▶ DATASET SECTION:
--------
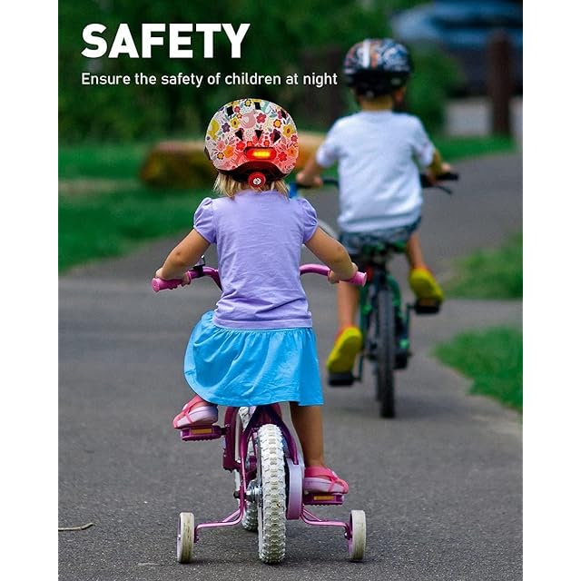 4-8歳子供用ヘルメット 幼児/低学年児童 小学1-2年生 軽量 ASTM & CPSC認証済み 安全 自転車/スクーター用,ライト付き,猫, S(子供)
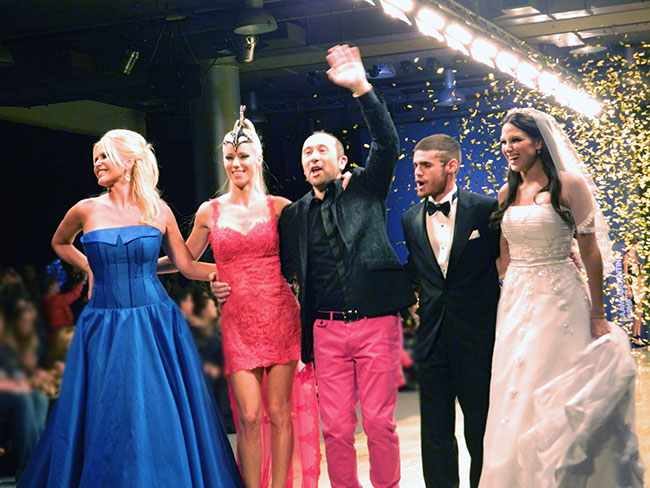Cúando el público se dispersó para esperar al otro desfile, comenzaron las preparaciones detras de escena de Claudio cosano, dirigiendo a las modelos en lo que era casi una coreografía. Como era de esperarse, la priméra fila estaba repleta de sus clientas más famosas que posaban para los flashes con sus mejores sonrisas. El defile comenzó con una música digna de un sábado a la noche, modelos reconocidas como nicole neuman y personajes de la tele fueron partícipes del show. Cabellos largos y lacios en colas de caballo que bailaban a cada paso. Los vestidos eran dignos de una alfombra roja, nada menos. No se puede explicar mucho porque las imágenes hablan solas. Todo esto terminó con Claudio Cosano sonriente y una lluvia de papelitos dorados, música a todo volumen y la gente enloquesida tratando de tener una foto del momento. Los ruidos de las cámaras se mezclaron con la música y así dieron por finalizado una vez más, el Buenos Aires Alta Moda.
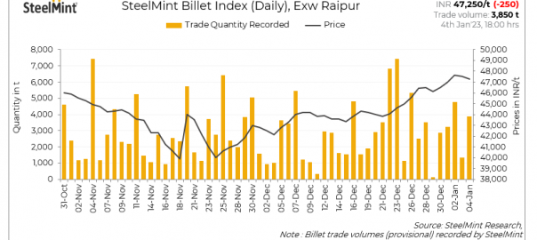 SteelMint’s daily steel billet index has decreased to INR 47,250/tonne (t) (- INR 250/-) d-o-d exw-Raipur on 4 January, 2023.
--------
▶ TASK DETAILS: Repeat the data exactly, without the pictures.

▶ COMPLETED EXERCISE:
 4-8歳子供用ヘルメット 幼児/低学年児童 小学1-2年生 軽量 ASTM & CPSC認証済み 安全 自転車/スクーター用,ライト付き,猫, S(子供)
Cúando el público se dispersó para esperar al otro desfile, comenzaron las preparaciones detras de escena de Claudio cosano, dirigiendo a las modelos en lo que era casi una coreografía. Como era de esperarse, la priméra fila estaba repleta de sus clientas más famosas que posaban para los flashes con sus mejores sonrisas. El defile comenzó con una música digna de un sábado a la noche, modelos reconocidas como nicole neuman y personajes de la tele fueron partícipes del show. Cabellos largos y lacios en colas de caballo que bailaban a cada paso. Los vestidos eran dignos de una alfombra roja, nada menos. No se puede explicar mucho porque las imágenes hablan solas. Todo esto terminó con Claudio Cosano sonriente y una lluvia de papelitos dorados, música a todo volumen y la gente enloquesida tratando de tener una foto del momento. Los ruidos de las cámaras se mezclaron con la música y así dieron por finalizado una vez más, el Buenos Aires Alta Moda.
 SteelMint’s daily steel billet index has decreased to INR 47,250/tonne (t) (- INR 250/-) d-o-d exw-Raipur on 4 January, 2023.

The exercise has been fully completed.